Where I could cross n' roam

Under an arch or dome. [1]

I just kept on the road

That was laid out,

Told to hold out

Till it pays out. [2]

Now I think its too late

Been walking too long,

Classes are all wrong

But masses too strong. [3]

So I follow with my head down

And chest up, succeeding cause

I'm too scared to fuck it up. [4]

But I have a need to lead,

Top-down and gears up

Leaving nothing to the dust.

But if I drop out, I'm a fuck up. [5]

Is it better to live and rust

Or drive till it busts

With trust you can find the way? [6]


[1] - Play on roam/Rome. Starts the poem by expressing the feeling of being trapped in my path in life. I felt like I never got the chance to figure out what I wanted to do.

[2] - I think a lot of it was I was following what people told me I should be doing.

[3] - I have a feeling that it is too late to change my course of life.

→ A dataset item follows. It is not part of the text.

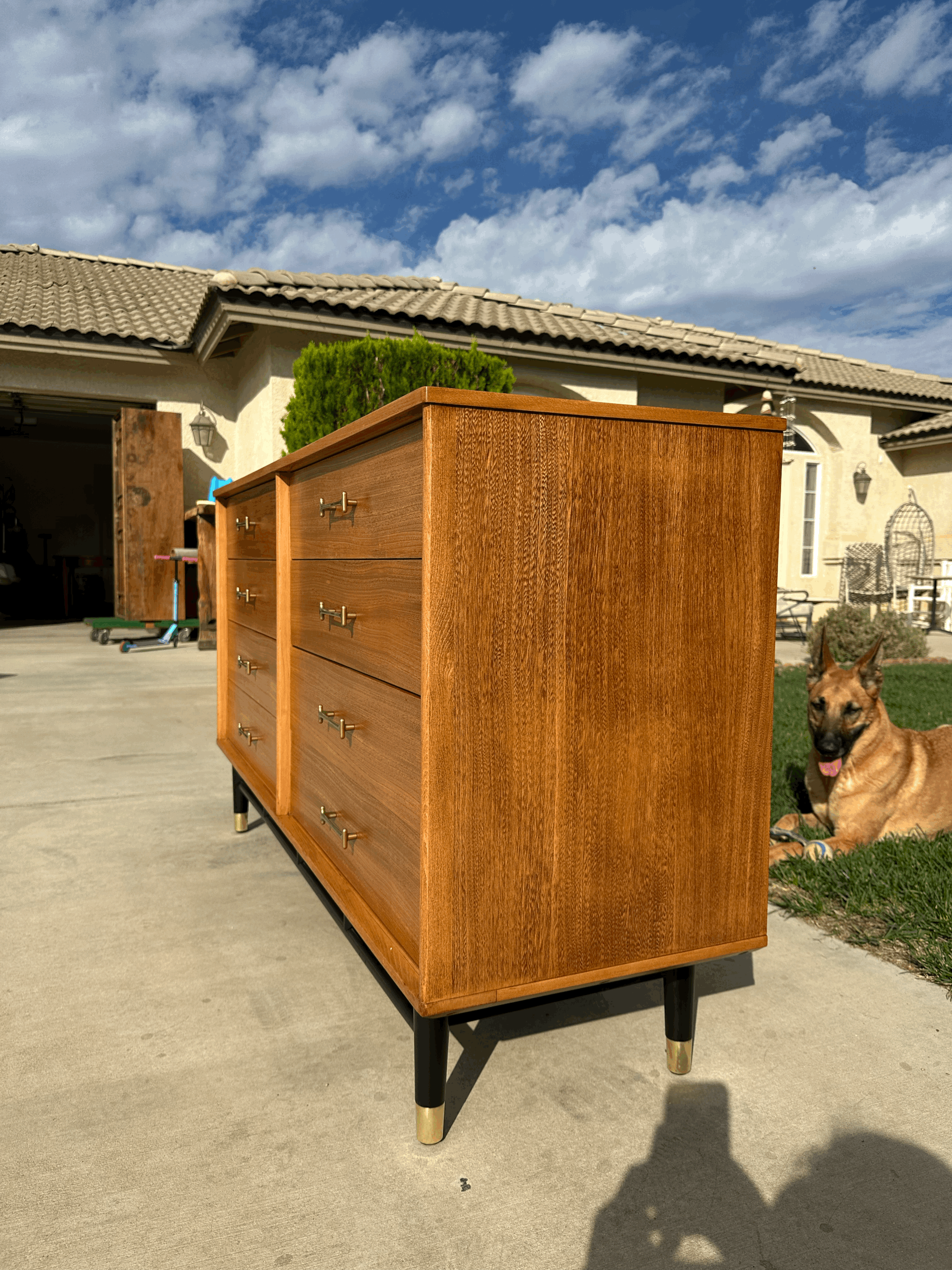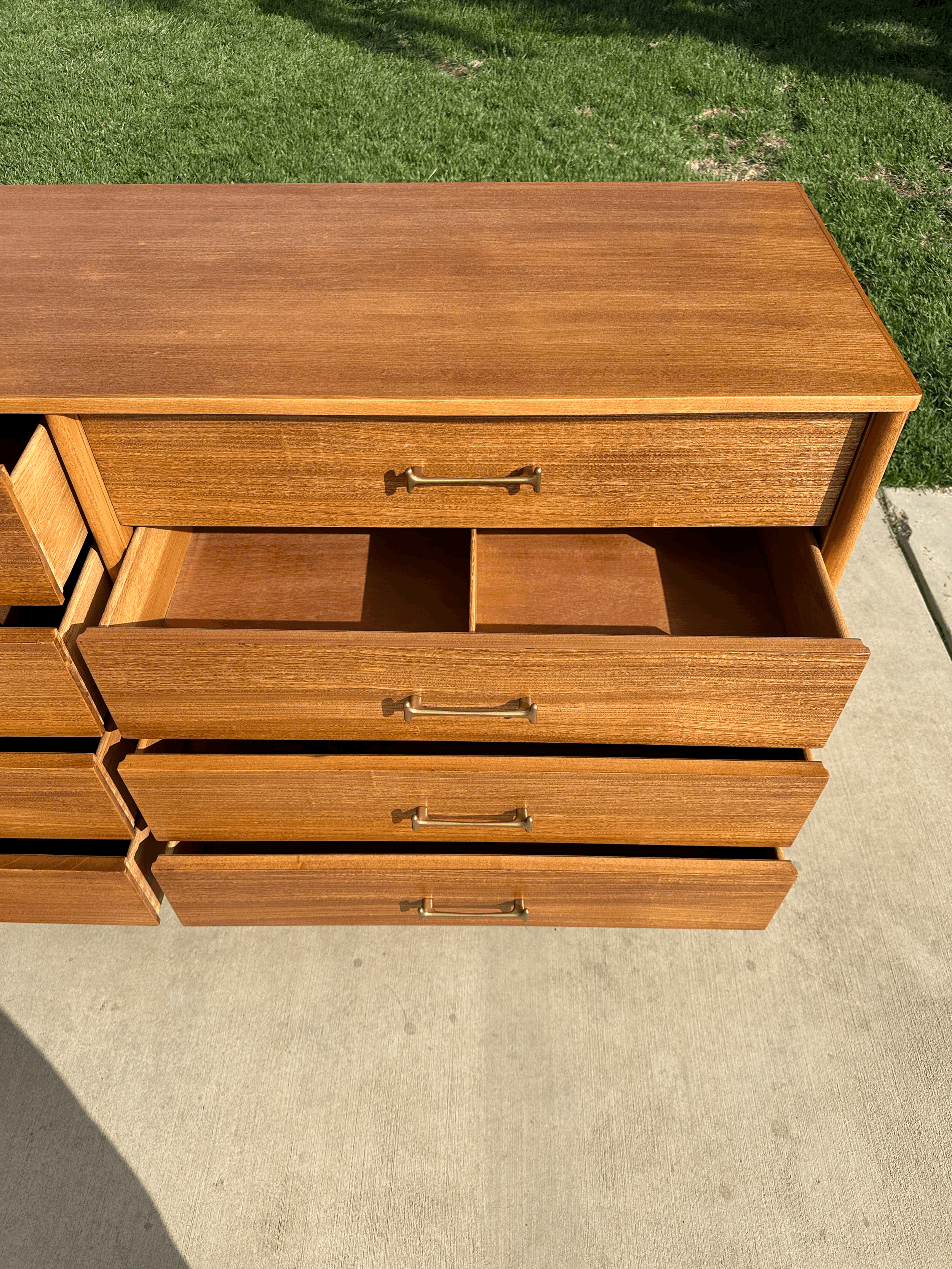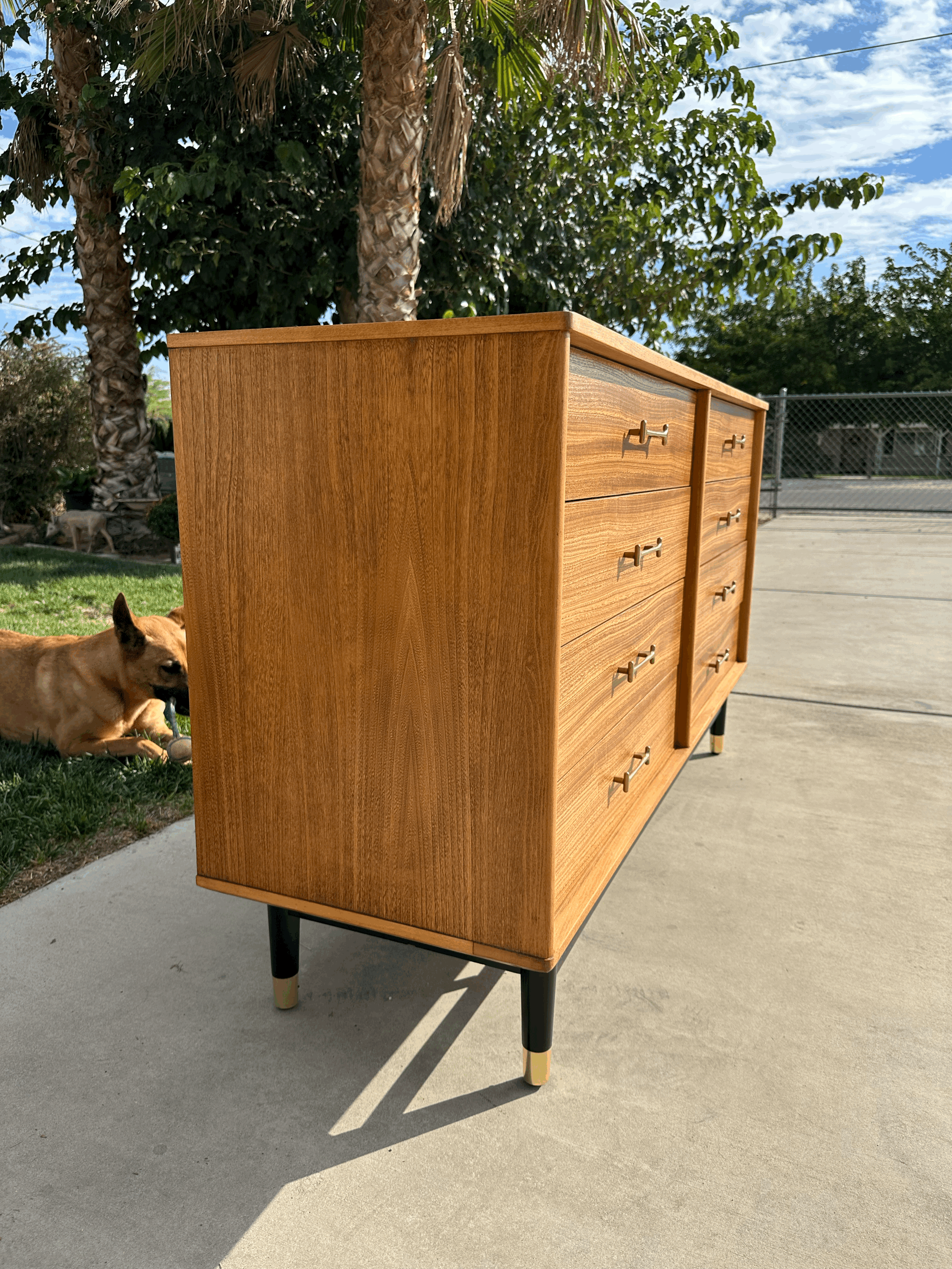 Refinished solid wood dresser in excellent condition. This beautiful dresser by Ace-Hi furniture includes 14 drawers total perfect for those who love to change and add fashion to their wardrobe. Top 5) 3 in depth, 6-14) 5.25 in depth.

I'm in a college for business, taking classes about business, and everyone around me wants to do business.

[4] - This is saying that even though I am not passionate about what I am doing I am still trying to succeed only because I'm scared of failing or quitting.

[5] - I want to leave and lead myself, do something where I'm not following but I don't know how to do that. This part starts a car reference, idk I've been watching Formula 1 on Netflix and its dope.

[6] - This is the question I've been asking myself, wondering if I should continue on with my path or follow my passion.